*** Exercise data Section Begins ***

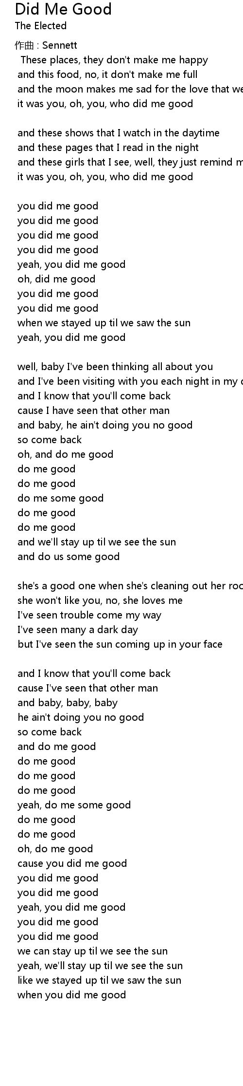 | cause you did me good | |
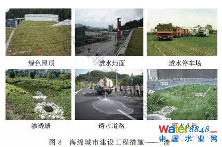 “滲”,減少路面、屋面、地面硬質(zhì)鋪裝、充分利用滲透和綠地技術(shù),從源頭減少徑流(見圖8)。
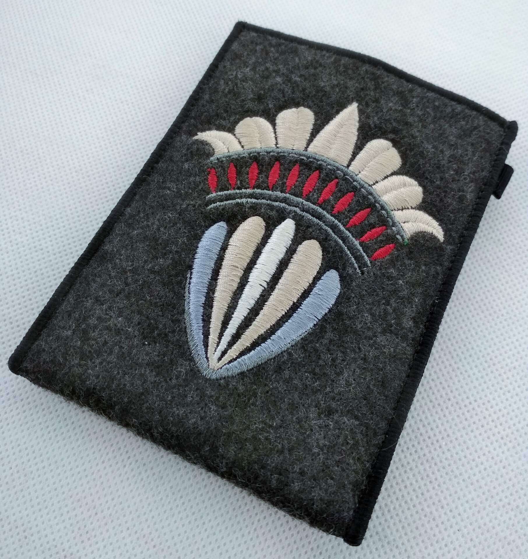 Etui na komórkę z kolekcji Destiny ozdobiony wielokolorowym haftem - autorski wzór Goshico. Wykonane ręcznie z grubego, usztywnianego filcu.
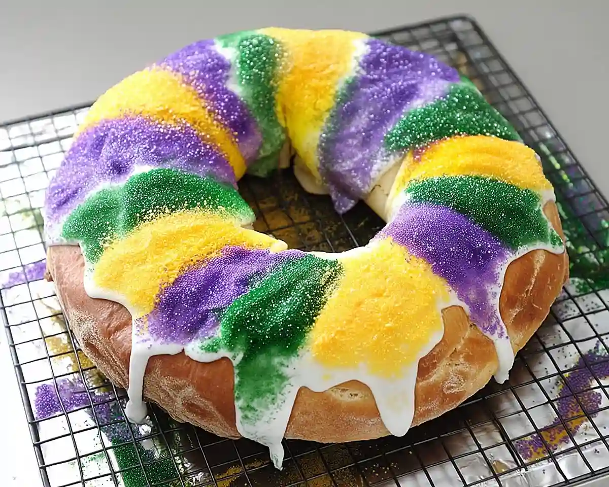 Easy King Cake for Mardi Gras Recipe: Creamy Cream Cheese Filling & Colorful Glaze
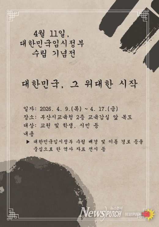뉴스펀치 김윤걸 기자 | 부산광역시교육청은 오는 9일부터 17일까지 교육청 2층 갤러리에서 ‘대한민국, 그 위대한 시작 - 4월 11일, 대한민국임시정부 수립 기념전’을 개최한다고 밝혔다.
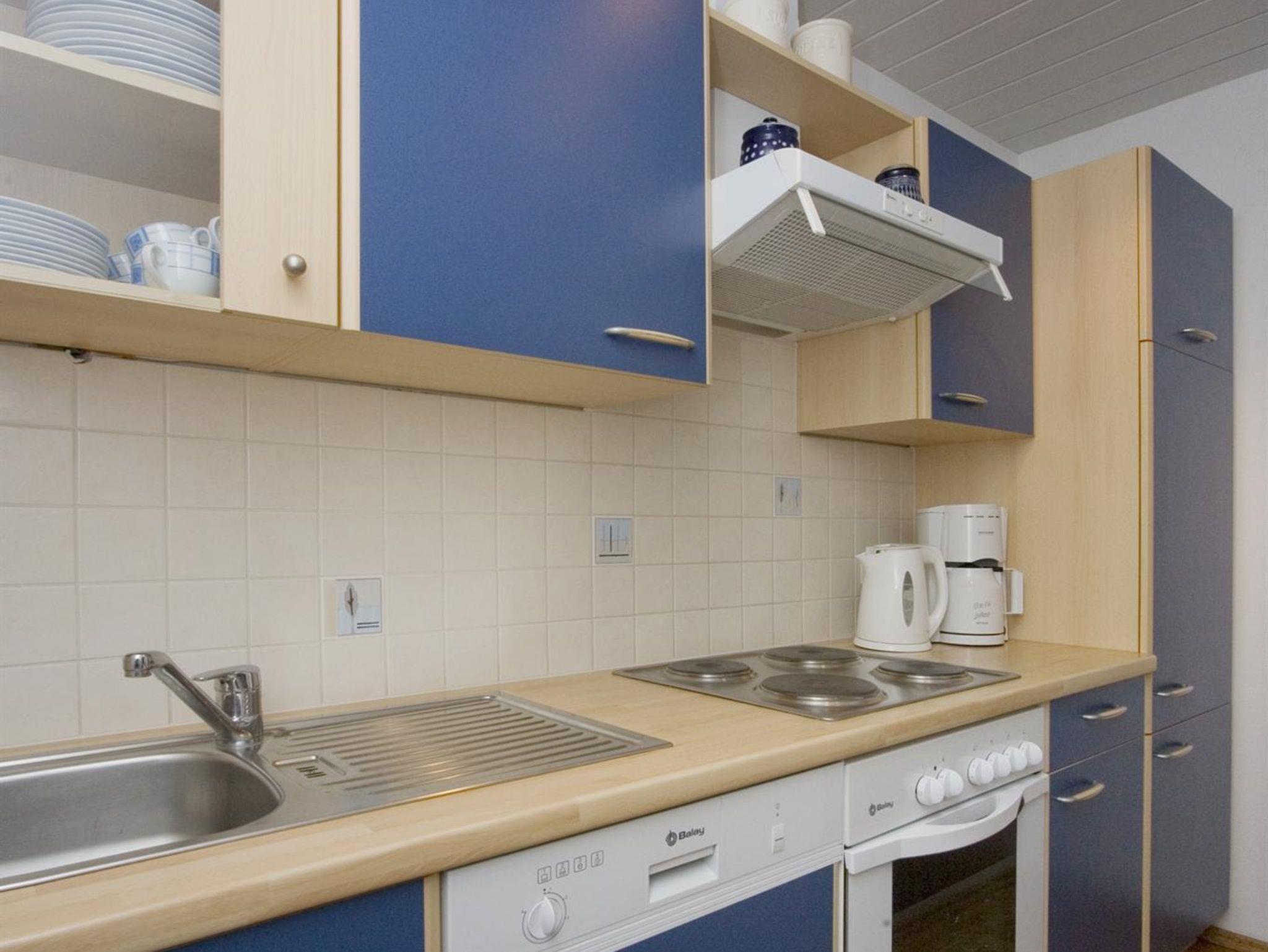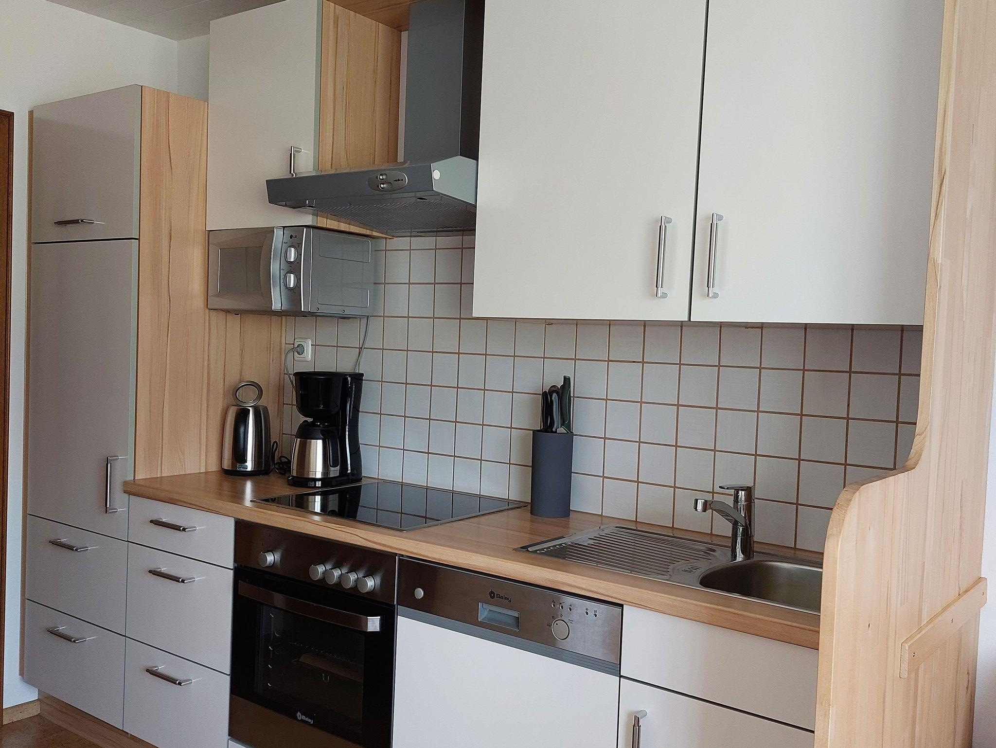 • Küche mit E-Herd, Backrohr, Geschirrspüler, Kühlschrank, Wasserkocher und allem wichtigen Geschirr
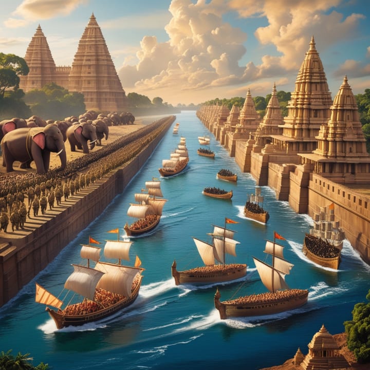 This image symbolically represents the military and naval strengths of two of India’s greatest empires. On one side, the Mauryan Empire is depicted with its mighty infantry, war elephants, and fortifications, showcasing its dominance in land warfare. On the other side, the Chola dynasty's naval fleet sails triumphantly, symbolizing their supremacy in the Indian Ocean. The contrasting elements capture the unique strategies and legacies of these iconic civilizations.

*** Exercise data Section Ends ***
*** Exercise data Section Begins ***

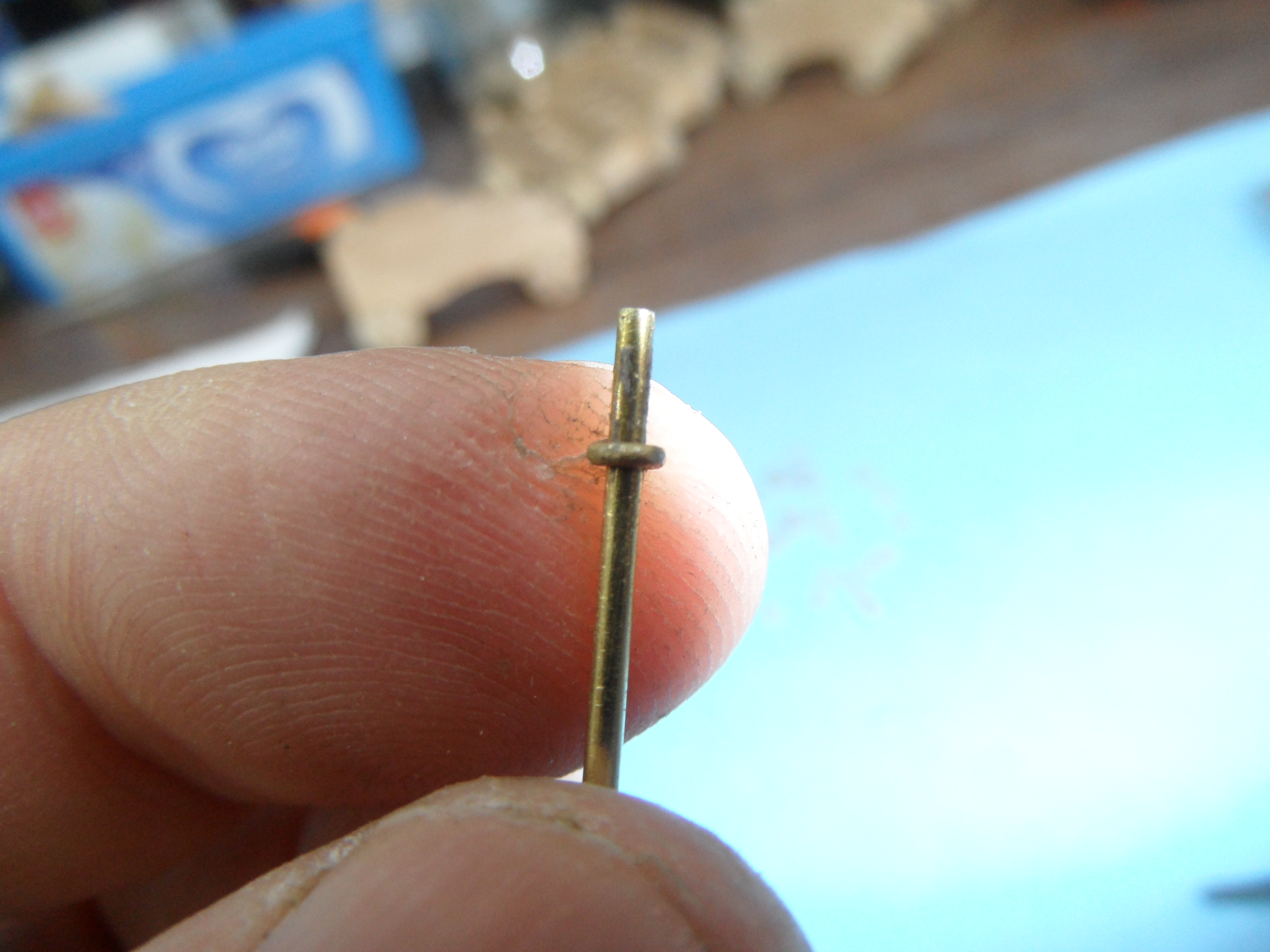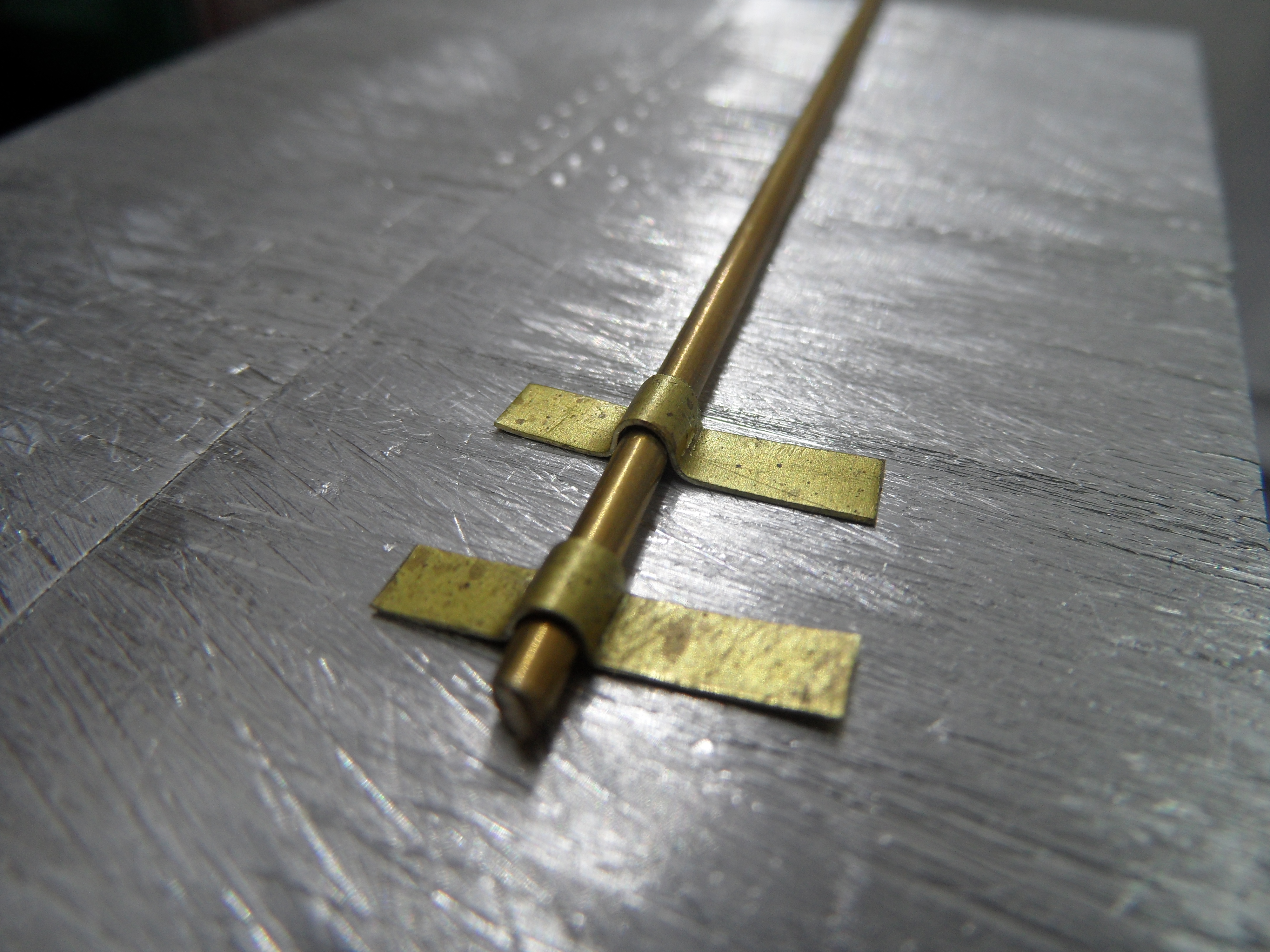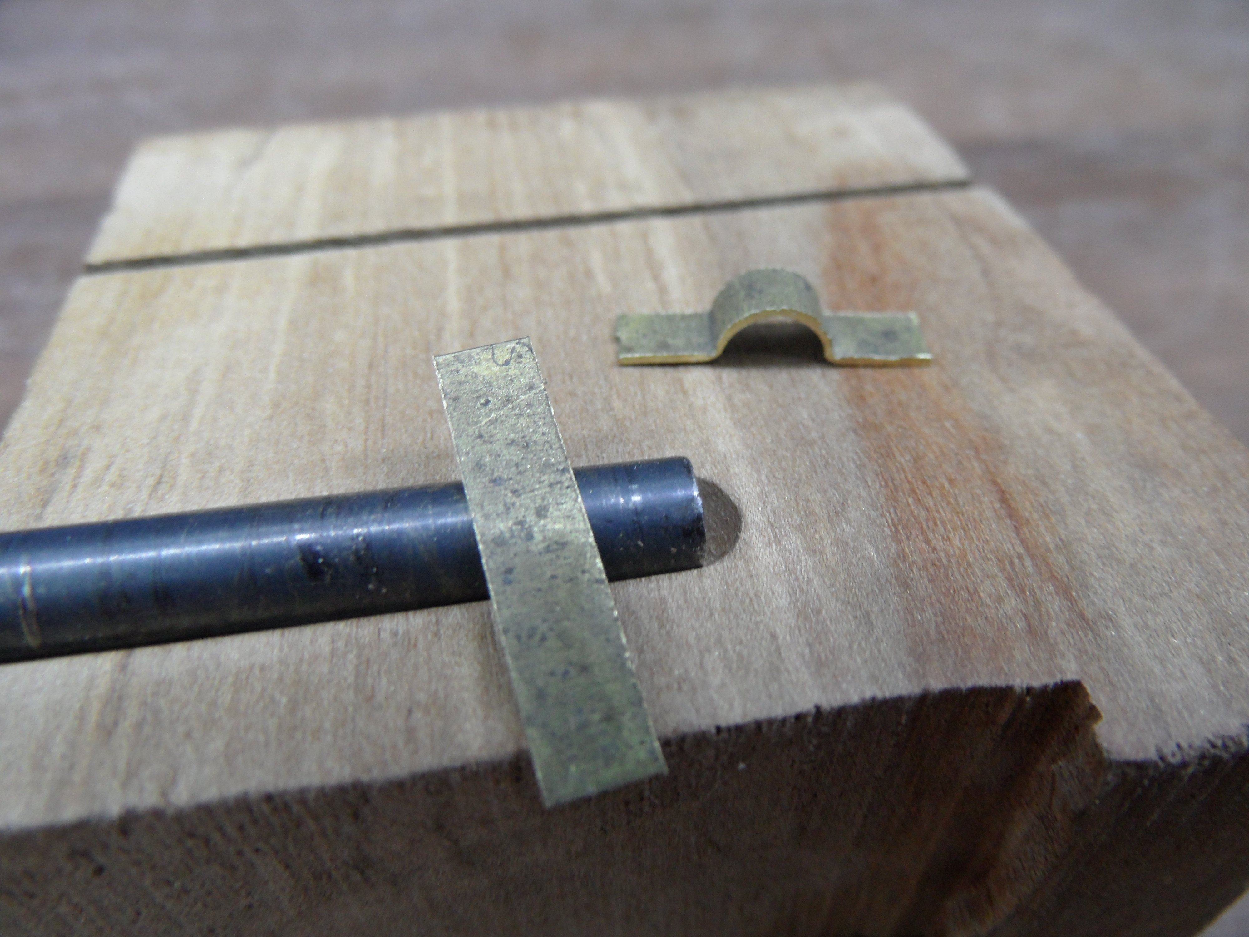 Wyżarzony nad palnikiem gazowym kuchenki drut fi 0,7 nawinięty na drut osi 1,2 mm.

*** Exercise data Section Ends ***

** Work task **
Leaving pictures out, output the lines of the data above from the one with "me good | |" through the one with "This image symbolically", word for word.

** Result of the exercise **
 | cause you did me good | |
 “滲”,減少路面、屋面、地面硬質(zhì)鋪裝、充分利用滲透和綠地技術(shù),從源頭減少徑流(見圖8)。
 Etui na komórkę z kolekcji Destiny ozdobiony wielokolorowym haftem - autorski wzór Goshico. Wykonane ręcznie z grubego, usztywnianego filcu.
 Easy King Cake for Mardi Gras Recipe: Creamy Cream Cheese Filling & Colorful Glaze
뉴스펀치 김윤걸 기자 | 부산광역시교육청은 오는 9일부터 17일까지 교육청 2층 갤러리에서 ‘대한민국, 그 위대한 시작 - 4월 11일, 대한민국임시정부 수립 기념전’을 개최한다고 밝혔다.
 • Küche mit E-Herd, Backrohr, Geschirrspüler, Kühlschrank, Wasserkocher und allem wichtigen Geschirr
 This image symbolically represents the military and naval strengths of two of India’s greatest empires. On one side, the Mauryan Empire is depicted with its mighty infantry, war elephants, and fortifications, showcasing its dominance in land warfare. On the other side, the Chola dynasty's naval fleet sails triumphantly, symbolizing their supremacy in the Indian Ocean. The contrasting elements capture the unique strategies and legacies of these iconic civilizations.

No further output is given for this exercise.